上記公報では出願人が「上海贏思軟件技術有限公司」(以下は「贏思社」という)となっているが、中国特許庁が提供する最新のステータス情報によると、2012年1月4日に同特許は「上海智臻網絡科技有限公司」(以下は「智臻社」という)に譲渡されている。また、上海市工商行政管理局にてこの二社の登記情報を調べたところ、その代表者は共に、同特許の発明者でもある「袁輝」となっていることが判明。

<これまでの経緯>
-2004年08月13日 — ZL200410053749.9を贏思社が出願。
-2006年02月15日 — 同特許が公開される。
-2009年07月22日 — 同特許が登録される。
-2012年01月04日 — 同特許は贏思社から智臻社に譲渡される。
-2012年01月13日 — iPhone 4Sが中国で発売され、Siriの機能が注目される。
-2012年04月28日 — 智臻社は、Siriを分析した結果、自社特許に抵触すると判断。
-2012年05月08日 — 智臻社は、Apple社に文書で話し合いを求めたが、無視された。
-2012年06月21日 — 智臻社は、上海第一中級人民法院に訴訟を提起。
-2012年06月26日 — 同法院が訴状を受理。
-2013年03月27日 — 同法院で予審が行われた。Apple社は証拠不十分として審理の中止を求めているが、同法院は具体的な判断を下していない。
-2013年07月03日 — 同法院で開廷。

<最新状況>
国家知識産権局専利復審委員会(以下は「復審委」という)のホームページでは、ZL200410053749.9に対する無効審判の口頭審理が2013年5月9日に行われたことが確認された。無効審判の請求人はもちろん、Apple社。
http://www.sipo-reexam.gov.cn/reexam_out/koushen/oraldetail.jsp?id=17253

他のニュース報道によると、同事件が重大な影響を持っているため、関連業界から約50名の参加者が口頭審理を傍聴したという。しかし、Apple社がどのような無効資料を利用され、復審委がどのような審決をしたのか、現時点では明らかになっていない。審決文の公開を待つ。

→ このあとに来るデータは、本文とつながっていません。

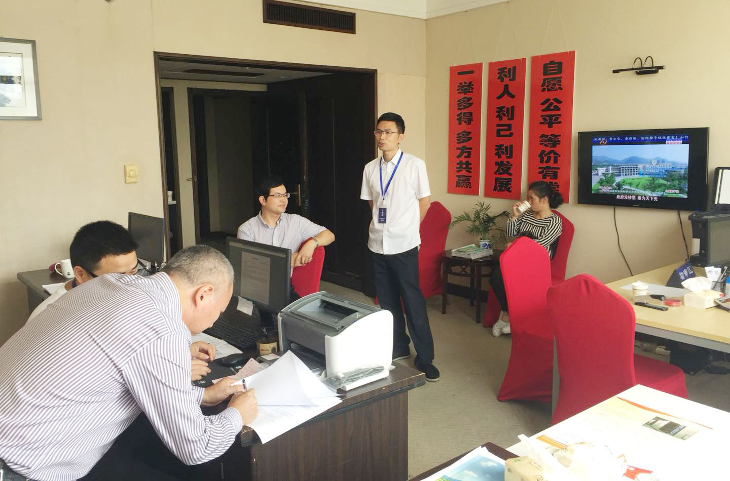 圖為臺州市政府副秘書長蘇元蓬走訪三門股權收購點 蘇元蓬一邊喝著茶水,一邊和大家拉起了家常。他是三門人,趁著國慶中秋假期回家探望親人,就來三門收購點走走,看望一下大家。 蘇元蓬回顧了市政府與集團公司此次股權收購的前期準備與工作動員,并詳細詢問了公司目前的收購情況和三門點的收購進度。工作人員介紹由于前期三門縣政府高度重視此次收購工作,特別是三門縣委常委、常務副縣長葉邦漢牽頭,召集全縣各機關單位、鄉鎮街道召開高速股權收購動員會。在收購過程中,三門電視臺、三門報等媒體宣傳到位,各相關單位全力配合,縣里老領導帶頭轉讓,三門股權收購工作進展順利。 “三門縣城里,你們有沒有做廣告宣傳?股東們是不是都知道了?”蘇元蓬問道。“有的,有的,這是我們公司準備的公告海報。”工作人員林玲遞過一份海報。“我們打算節后張貼。”當得知三門收購點在對前來辦理轉讓的股東隨訪和電話問詢中,已確認大多數股東都已知曉股權收購這個消息后,蘇元蓬大加贊賞。 蘇元蓬強調,要強調此次股權收購對于企業轉型升級的重要意義,現場工作人員要耐心解釋,深入宣傳,特別是那些已經辦理轉讓的股東,由他們口口相傳會更有說服力。對于國企法人股東,一定要借助政府的力量,由臺州市國資委與當地國資局共同推動,促成國企法人盡快轉讓,早日完成股權收購任務。 邵全森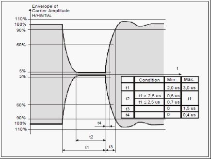 13.56MHz高頻RFID系統(tǒng)是目前國內(nèi)應(yīng)用最為廣泛,技術(shù)較為成熟的射頻識別系統(tǒng)。相關(guān)的國際標(biāo)準(zhǔn)對射頻發(fā)射頻率、信道帶寬、發(fā)射功率等參數(shù)都有明確的要求,特別是RF信號的幅度(功率)隨時(shí)間變化的情況,標(biāo)準(zhǔn)有著嚴(yán)格的規(guī)定。以讀寫設(shè)備為例,讀寫設(shè)備發(fā)出的載波信號的幅度變化時(shí)間,必須符合ISO18000-3標(biāo)準(zhǔn)對于t1-t4的時(shí)間限制。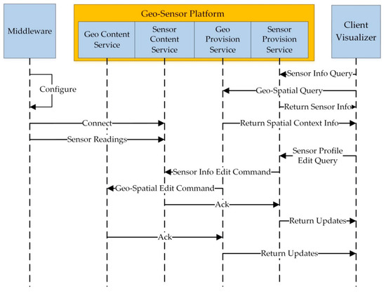 Figure 6 shows the sequence diagram for geo-sensor service provision based geo-content service, sensor content service, geo provision service, and content provision service. The sensor data is passed onto the content service via sensor middleware. First, the middleware configurations are performed, and then sensor readings, after a certain interval, are sent to the sensor platform. The client query regarding sensor network is passed onto the sensor provision service under a geo-sensor platform, and the client query regarding the spatial context of the sensor is passed onto the geo provision service in the geo-sensor platform. The edit queries from the client are passed onto the content service, which interacts with the geo-sensor toolbox and performs the edit operations and sends a response back.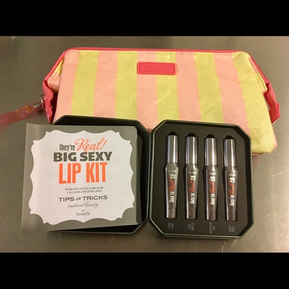 Brand new *benefit big sexy lip kit ( 4 lipsticks ) *benefit makeup bag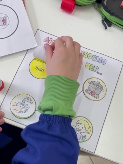 Il materiale propone un lavoro di associazione tra immagini e verbi: gli alunni dovranno ritagliare i cerchi posti sulla destra e incollarli accanto al verbo corrispondente, completando correttamente le frasi “Abbiamo bisogno dell’acqua per…”. Un’attività pratica che stimola il pensiero logico e favorisce la comprensione attraverso il canale visivo.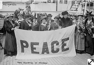 The Woman’s Peace Party was an American organization composed primarily of social reformers who urged the United States not to fight. Select members attended this international meeting in 1915.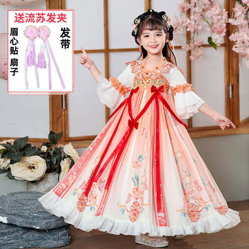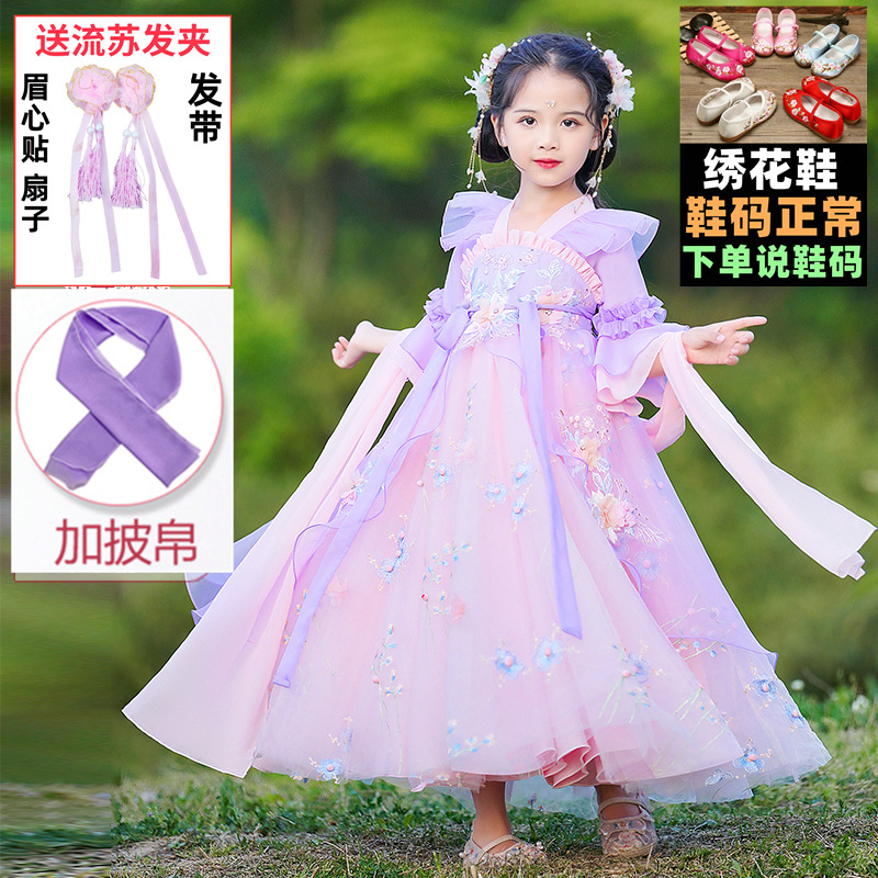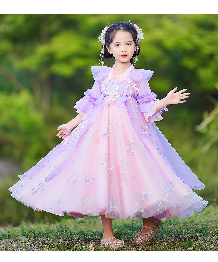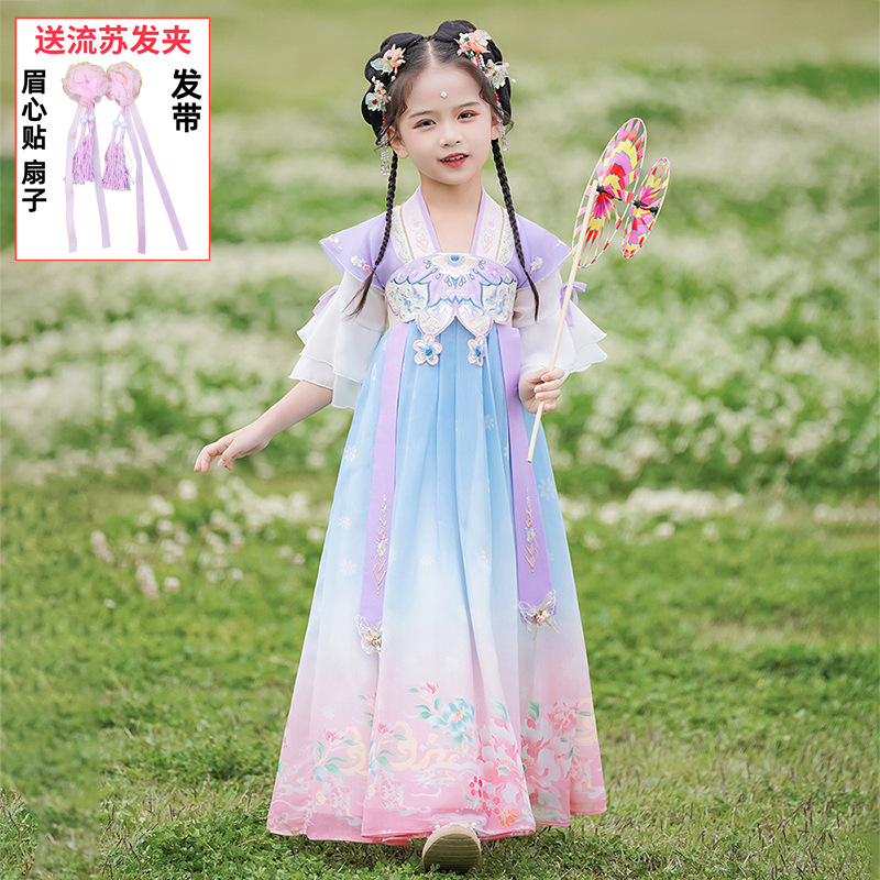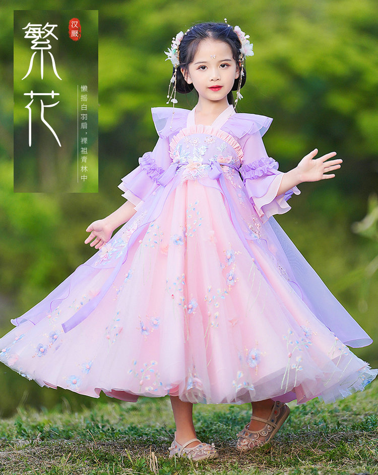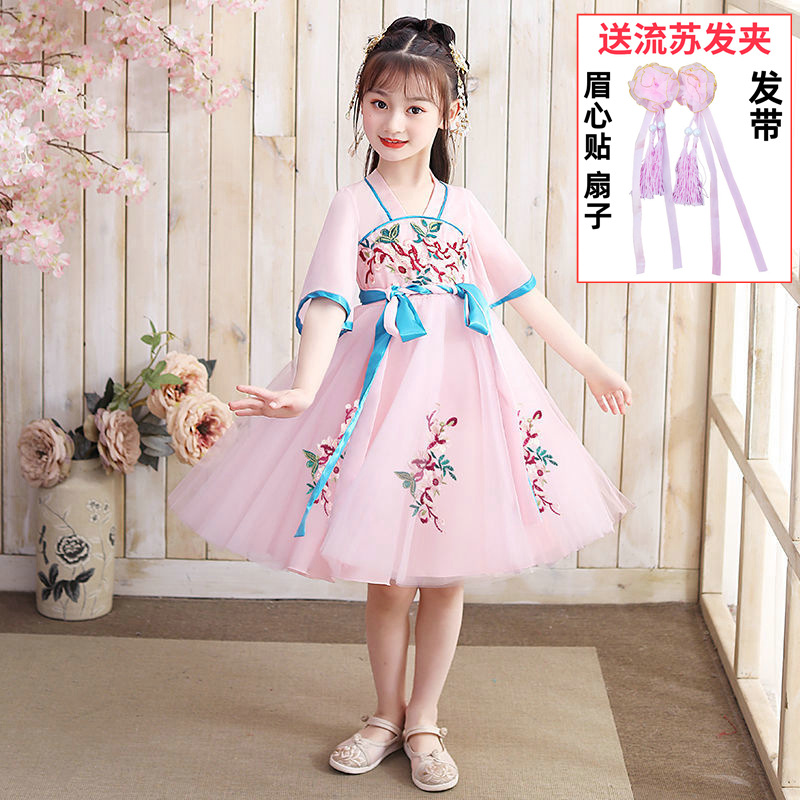 Y супер фея для девочек, летний древний костюм династии Хань, детская одежда, новинка 2024, летняя одежда, одежда для выступлений с цветочным богом для маленьких девочек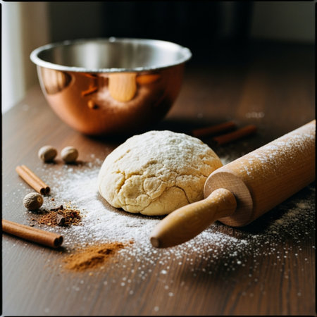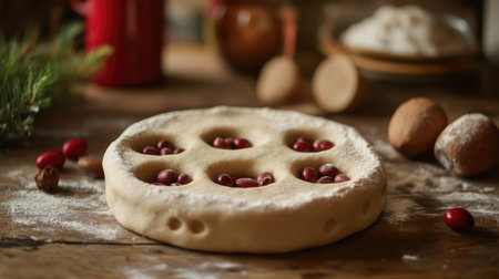 A round dough topped with red berries rests on a wooden table, surrounded by baking ingredients like flour and eggs, evoking a warm holiday baking atmosphere.
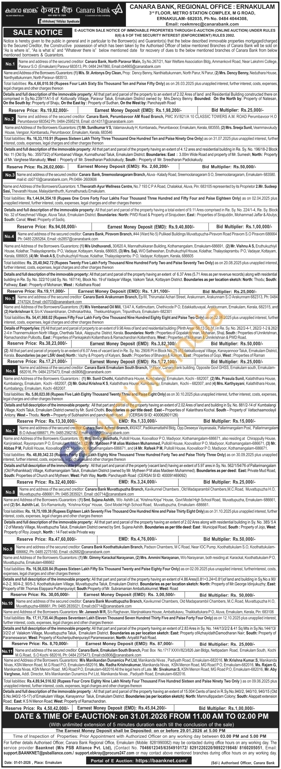 Contact Ph: 0485 2265264, Email: cb2857@canarabank.com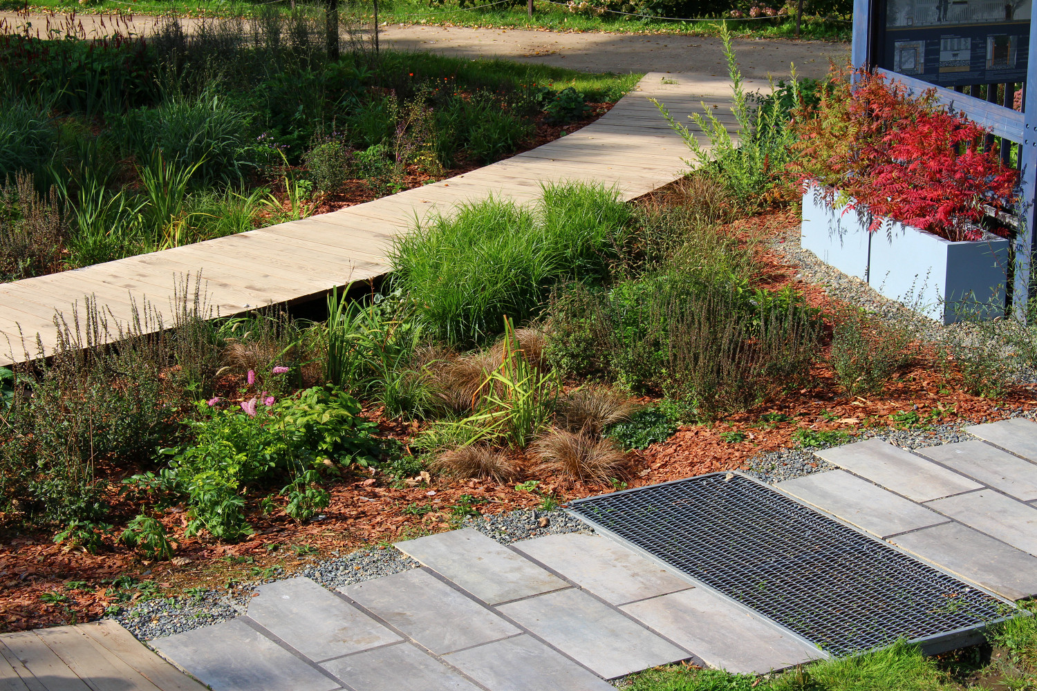 «Сад дождя» призван рассказать о роли дождевой воды в городе. В состав проекта входят павильон-беседка с озелененной кровлей, водопроницаемое мощение на дренирующем основании и водоудерживающий сад-биотоп, засаженный влаголюбивыми растениями.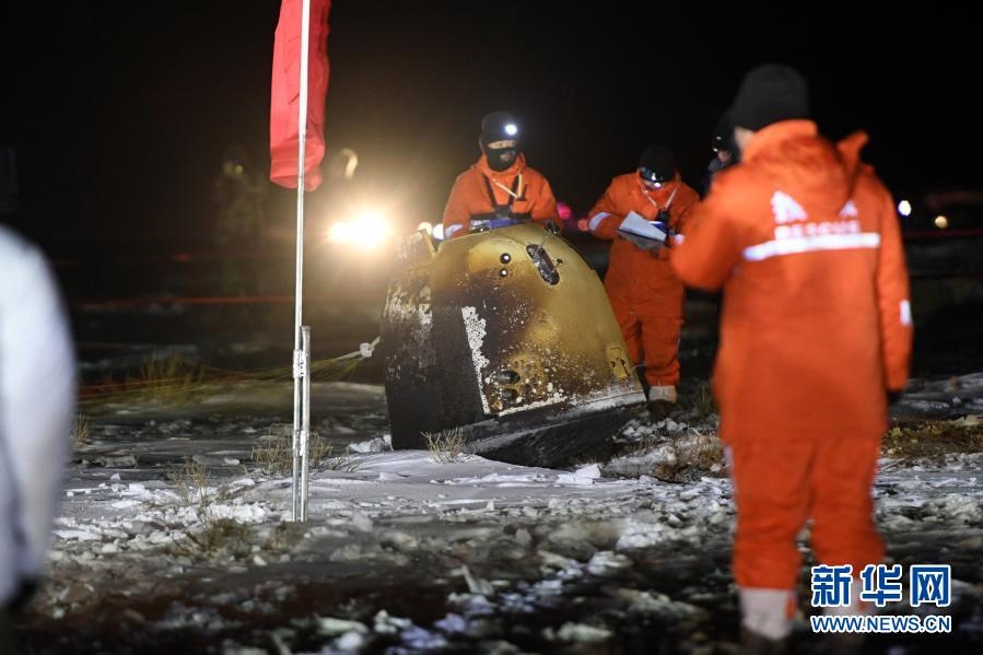 12月17日凌晨,嫦娥五號(hào)返回器攜帶月球樣品,采用半彈道跳躍方式再入返回,在內(nèi)蒙古四子王旗預(yù)定區(qū)域安全著陸。新華社記者 任軍川 連振 彭源 攝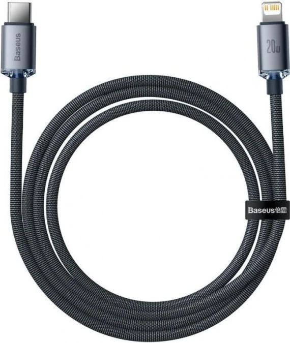 KABEL USB-C / Lightning iPhone Baseus Crystal CAJY000301 2m 20W PD QC CZARNY W OPLOCIE PREMIUM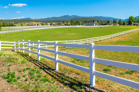 A large ranch in the Spokane Valley area near the Idaho border with Coeur d'Alene, with extensive vinyl 3 rail fencing and cross-fencing, in Spokane, Washington USA.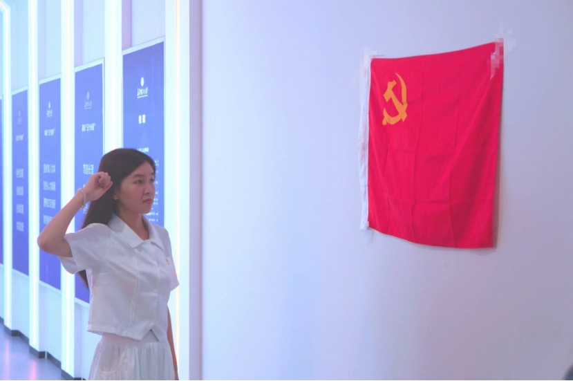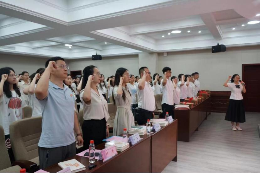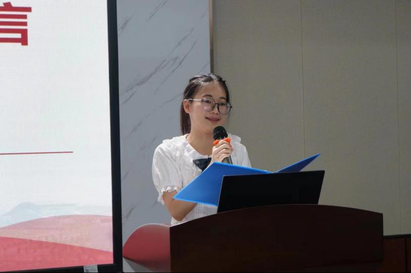 毕业生党员代表会计2003班陈思雅发言,回顾了大学四年不断向党组织靠拢的过程以及所得所悟谢母校与老师的培养使其实现成长的蜕变与思想的升华。除此之外,她还号召所有毕业生党员谨记教诲,时刻严格要求自己,不忘初心、牢记使命。随后,全体毕业生党员面向党旗重温入党誓词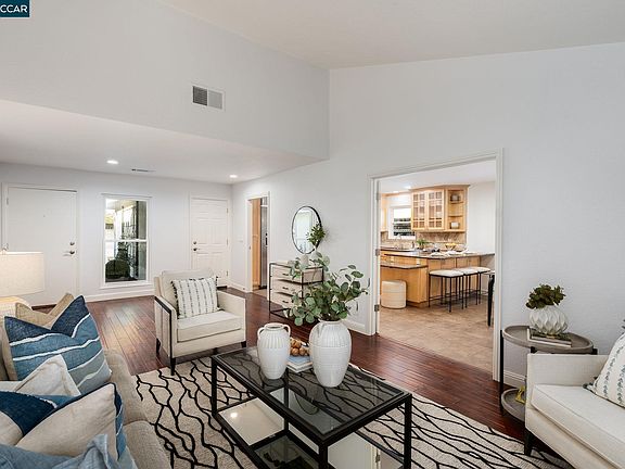 Welcome Home to Style, Comfort & Convenience. Beautifully updated single-story with large FR addition located just moments from Athan Downs Park and close to all three highly rated San Ramon schools. Excellent commute location with convenient access to Silicon Valley and San Francisco. Recent improvements include fresh designer paint, new carpet, and refreshed landscaping. The updated kitchen features granite countertops, custom cabinetry, stainless steel appliances, and a cozy fireplace. Both bathrooms have been remodeled with modern finishes. A rare 300+ sq ft family room addition off the kitchen provides valuable extra living space—ideal for entertaining, play, or everyday relaxation. Glass French doors open to the yard, creating a spacious and light-filled flow. The home offers four bedrooms, including a private primary suite with a remodeled bathroom. One bedroom has been converted to a dedicated home office. A stylish hall bath completes the well-designed single-level layout. A fantastic opportunity to enjoy comfort, function, and an exceptional location near parks, trails, and top-rated schools.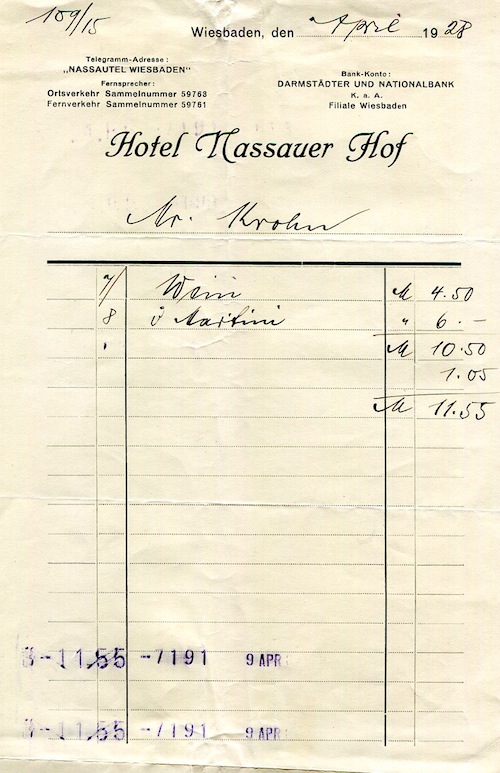 Germany Wiesbaden Hotel Nassauer Hof Receipt 1928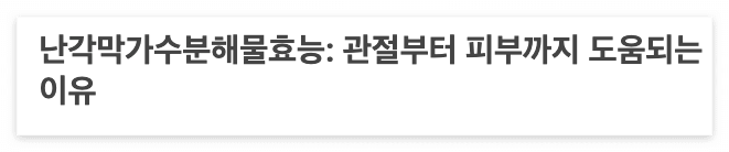 난각막가수분해물효능 중 가장 대표적인 것은 관절 건강입니다. 난각막가수분해물 속 히알루론산은 관절 내 윤활 역할을 하며, 콜라겐과 콘드로이틴은 연골을 보호하고 관절 마모를 줄여줍니다. 임상 연구에서도 난각막가수분해물을 꾸준히 섭취했을 때 관절 통증이 감소하고 움직임이 개선되었다는 결과가 확인되었습니다.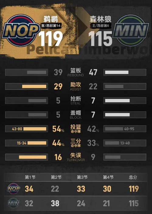 全场具体比分(森林狼队在后):34-32、22-38、33-24、30-21。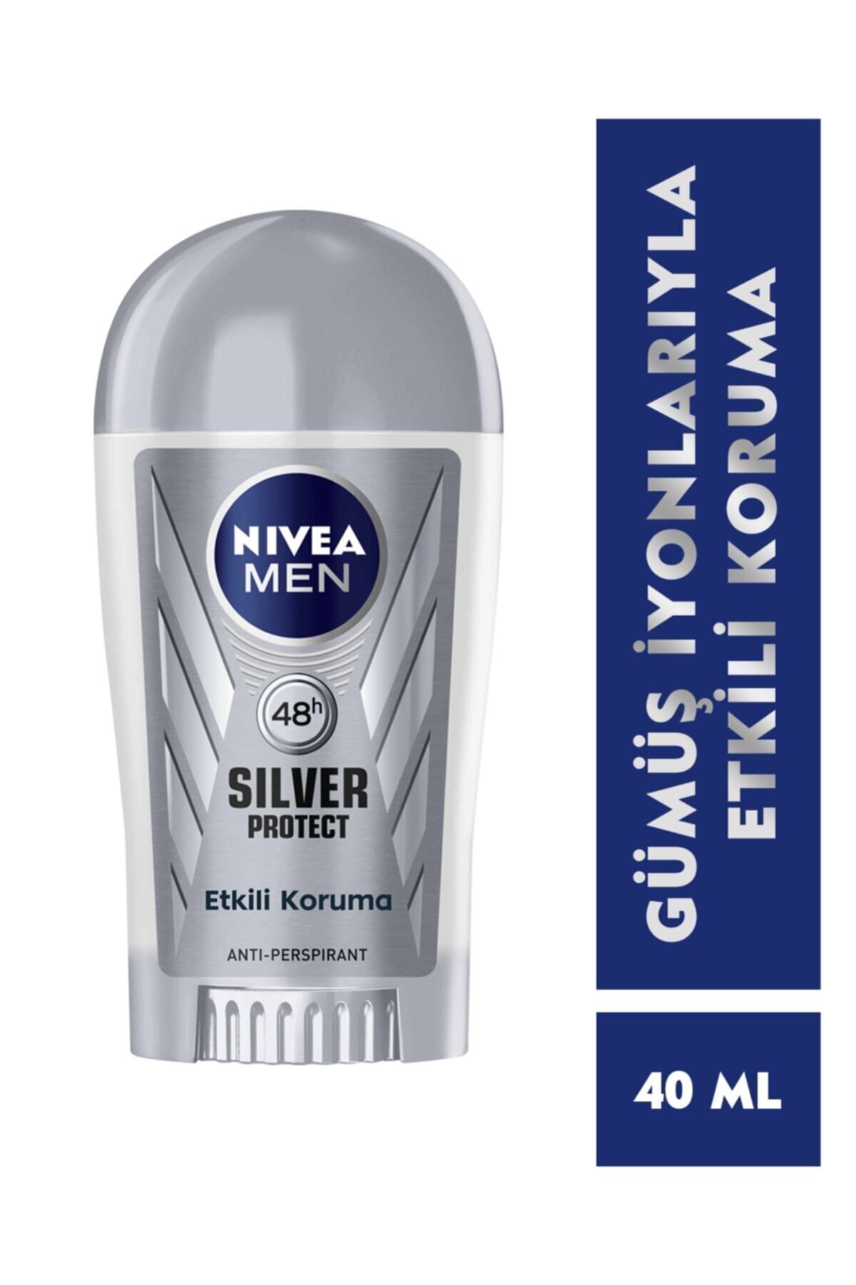 Türkiye'nin Lider DeodorantiNivea Men Erkek Stick Deodorant Silver Protect gümüs iyonlari içeren formülü sayesinde terlemeye ve ter kokusuna karsi savasir.Modern ve maskülen kokusuyla terlemeye karsi 48 saate kadar etkili anti-perspirant korumasi saglar.Etil alkol içermez.Formülü alkol ve boyar madde içermezTirastan veya tüylerinizi kisalttiktan sonra bile cilt toleransi dermatolojik olarak onaylanmistir

また、上述したように、2013年7月3日に上海第一中級人民法院で開廷したが、ニュース報道によれば、Apple社は以下の点を主張した。

   Siriのサーバーが米国にあるため、中国の法律には適応しない。
   Siriは全くの別物で、もっと先進的である。
   侵害鑑定を行った機関、上海浦東知識産権司法鑑定センターの資質は不十分。

しかし、これらの主張は裁判官に認められるか否か引き続き追跡していく必要がある。次々とヒット商品を出している世界的な企業Apple社が、中国で抱える知財訴訟リスクが改めて浮き彫りになった。年間売上16兆円、純利益4兆円強の巨大企業からすれば、このような事件は痛くも痒くもないかもしれないが、事前に調査を行えば一部の訴訟が回避できたはず。

<後記>
中国は1985年に専利(特許)法を導入してからまだ30年が経っていないにもかかわらず、出願件数の急増を背景に、知財民事訴訟件数はすでに米国の2倍を超えるほどの訴訟大国となり、なおも増加傾向にある。中国は「模倣品大国」のイメージが強いが、一方で、シュナイダー事件と富士化水事件などが象徴しているように、外国企業が侵害者として提訴され、敗訴して多額の損害賠償を負う事態が多発している。例えば、2009年にシュナイダー社が最終的に支払った和解金額は約1億5千万人民元(1元=約16円)で、実用新案1件の額としては世界最高と言われている。その後も、中国方大グループ vs 某日本大手会社、湖南科力遠(CORUN)社 vs カナダINCO社といった中国企業が外国企業を相手とした知財侵害訴訟が次々と起きている。一方で、韓国LGライテック社 vs ドイツオスラム社、米国FAIRCHILD社 vs 米国Power Integrations社などの事件では、外国企業が中国の人民法院で訴訟合戦をする新たなトレンドも注目され始めている。